Hawthbush is where I keep my bees and grow vegetables. Toby and Lisa are finally coming out of the treadmill of building and refurbishing and welcomed us to what is now a beautiful place. Most of the accommodation and the function room are finished and feel amazing, so much so that Curtis and Emily have booked to stay for a holiday. The twelve of us sat around an old oak kitchen table in the Granary, ate great food, talked a lot, fended off the occasional curious chicken and a very affectionate cat. By the end of the day I was slightly overwhelmed by the breadth and number of ideas we’d covered. I guess we didn’t actually invent anything physical, but I did leave feeling wiser and curious to try out some of the ideas.

Here are some of the themes that are still resonating with me:

Pressure
Whether or not it is required for good creative work. Should a manager seek to keep a team in a state of pressure, through deadlines, limited access to information and other techniques? Does this tension lead to better work? It seems rather sinister to think that it should be deliberately managed. Can it be done successfully? Is there a difference between externally imposed pressure and that we generate ourselves?

If we are committed to a project our engagement will drive us to good work, a pressure to do well. Many of us recognise the buzz that comes from time constraints, difficult problems, sometimes we even encourage it. There is a balance to be struck. Perhaps managers can facilitate positive pressure. I suspect they would do that best by stepping back and trusting their people to do good work and generate / feed off positive pressure. The manager’s role might be protect their teams from unhealthy pressure, to recognise when the balance is out and to help get it back rather than to seek to apply and control it as though it were water through a dam.

 

Tidiness
We need tidying phases, to process expenses, deal with admin, manage diaries. It is not unusual for this sort of activity to be delegated and there is nothing wrong with that. Maybe though doing it yourself forces you to slow down and reflect. A day a month put aside for tidying could be a light touch way to ameliorate stress.
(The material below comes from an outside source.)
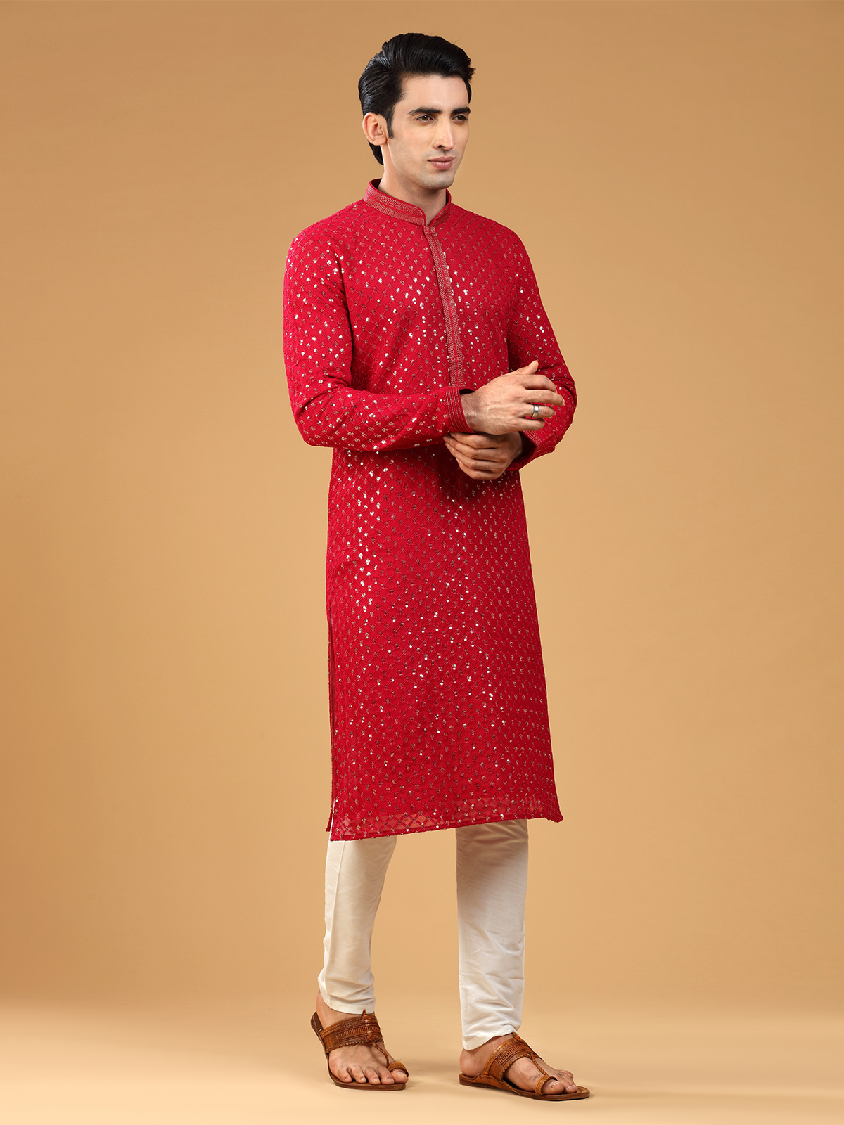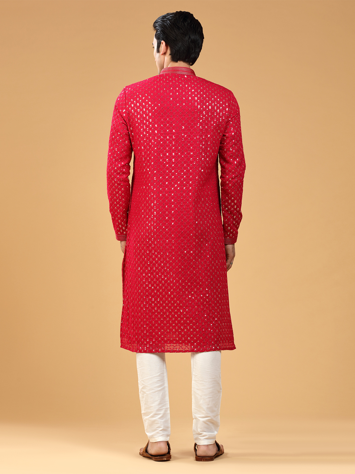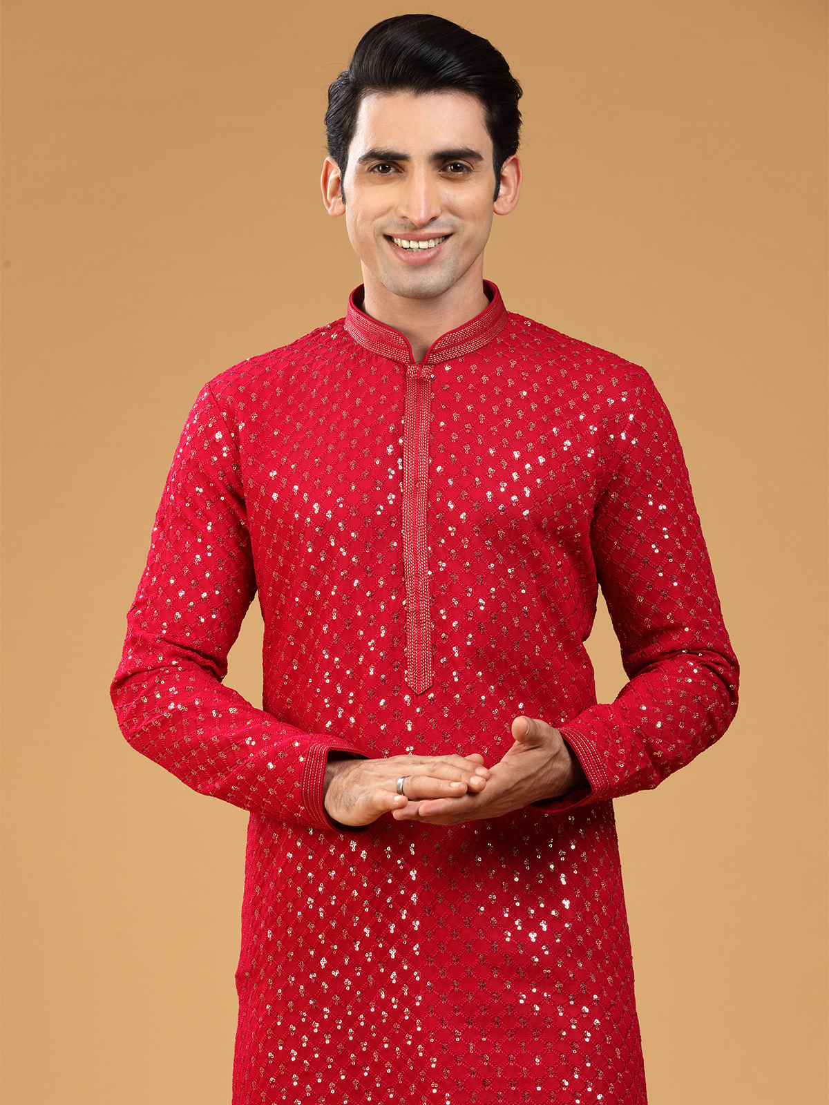 This elegant red georgette kurta suit, featuring sequins and resham work, is perfect for the festive season. It has a mandarin collar and full sleeves, and comes with a bottom to complete the outfit.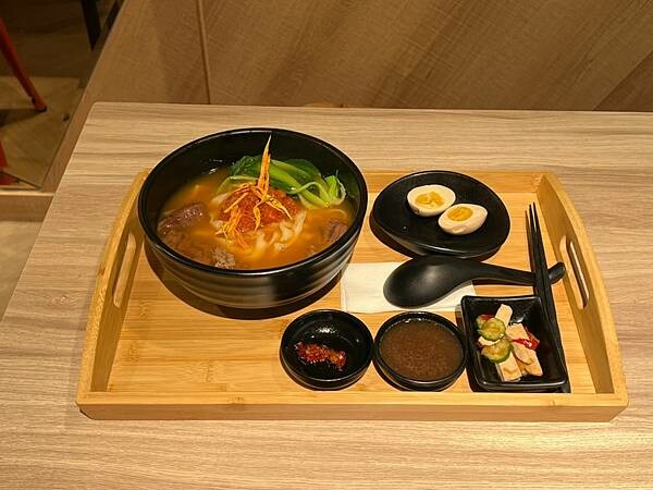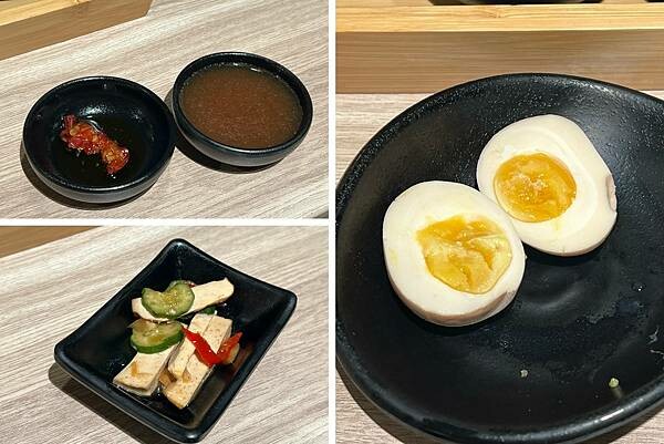 隨餐附上濃郁的番茄湯頭及辣椒,還有豆干小菜,我額外單點的糖心蛋就略顯普通,整體來說鰻好吃衛生環境也很不錯

We encourage people to review their work weekly, to take time out to plan what they are doing over the week ahead, that’s a kind of tidying. We know well the benefits it brings: clarity, control, focus.

I like the idea that projects might benefit from a deliberate tidying stage, a consolidation of the information, a final record collated before being archived, a road map for others to follow, a dissemination of lessons learned. A quietus.

 

Networks
Matt Locke described how starting The Story exposed him to a whole new network. Now he works for himself doing more of what interests him and that network is generating twice the number of opportunities his older, longer established work based network is.

I like the idea of finding ways to build a network (if that is what it is) around your areas of interest. Perhaps it is not strictly a network, more a community. If it is interest focused, has something to coalesce around, it should be fertile and if you can be a focal point for that, it seems reasonable that it should be more fertile than say LinkedIn. Perhaps it something to do with the physical contact an event such as The Story offers, opportunities to connect in the real world to share stories and ideas face to face. There is common ground, a reason to champion an idea.

So where are the really valuable networks. I don’t mean the ones that lead to work necessarily, but the ones that engage you in other areas of your life. How do we find them, build them, nurture and manage them to find fulfilment? I don’t think that it’s complicated, but perhaps we undervalue them and fail to put ourselves forward and so form a barrier to what really engages us.

 

Remuneration
Paul Levy suggested that those people who do the least interesting, most repetitive jobs should be paid more, much more, than those doing creative work that interests them. Perhaps a new economy would see creative thinkers housed and fed with access to wonderful working environments, but without pay. Most people who love their work would do it if their salary was halved. It gives them fulfilment. Meanwhile others do uninteresting jobs and must sacrifice their time and skills to be able to pursue interests in the time left to them outside of work. That sacrifice should be rewarded. I wonder how that might play out in a global marketplace where outsourcing might remove a whole class of activity from a country such as Britain.

 

New models for businesses
A number of people were transitioning from large employers to working for themselves. We explored the dynamics of that. The idea of doing a not job: a job that is not what you used to do. In that reaction might we be abandoning some things that are good? Working alone or in a small team is exhilarating but limiting. What models are there for building a networked business that expands with demand and shrinks with desire that allows you to do big stuff and keep small. Should growth be a consideration, why is it necessary, should it be a goal, what other objectives could be set that might make for a better experience for ourselves? We unpacked a lot, and some of us will be experimenting over the months ahead.

I got quite interested in the idea of a tool or check list for people to work through who were considering a not-job, of breaking ties and trying something new. I might come back to that.

 

There was a lot more besides. Curtis and I will run another soon, maybe one a quarter. We’ll tweak the format, invite new people, maybe invite clients to part of it, maybe do it over two days, maybe make it bigger. Perhaps this will become a network/community thing that takes on a life of its own complementing and extending what we and others who share our interests can do. We’ll see.